[EDITORIALS]Iraq needs continued supportAn election in Iraq that will decide the future of the country and featured 60 percent voter turnout has just ended.
This election is a meaningful event because Iraqi people had participated in practicing their country’s sovereign power for the first time in half a century. And the election was held under the principles of a democratic election: Everyone casts a ballot in a direct, equal, universal and secret elections.
Despite sporadic attacks by insurgents and a collective boycott by Sunni Muslims, the election can be seen as a new chapter in the building of a new Iraq.
For the first time Iraqis voted for several candidates out of their own free will.
Especially, the fact that the voter turnout of 60 percent is even higher than many other countries carries a special meaning.
This demonstrates that even though the current situation is unstable, Iraqis are having high hopes for building democracy rather than seeing another Saddam Hussein type of regime.

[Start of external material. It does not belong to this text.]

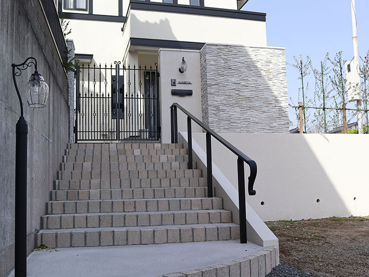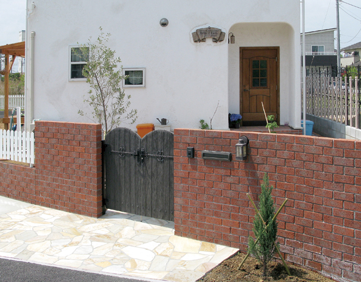 ブロックで作るゲートに、温かみと優しさを感じる門まわり

It is, however, a bit too early to say definitively that the election was a “resounding success” and a historical achievement, as U.S. President George W. Bush called it.
What is more important is the internal management of the country. There are still insurgents who will not accept the election results and keep terrorizing people. The participation of the Sunnis in governing of the country has to be urged as well.
When the Iraqi National Assembly opens, Iraq will establish an interim government and a constitution. On October 15, through a general vote, a constitution will be voted on and general elections are scheduled to take place on December 15.
This period will decide the fate of Iraq.
Thus, the international community needs to actively support this election so that democracy can really set its roots. This is why France, which strongly opposed a war in Iraq by the United States, hailed the elections as “a success for the international community.”
For Korea, which deployed troops in Iraq, it is important to put in every effort so that Iraq can become a stable country as soon as possible.
In order to achieve this goal and also for democracy to take hold in Iraq, countries such as France that do not have troops deployed to Iraq need to show support as well.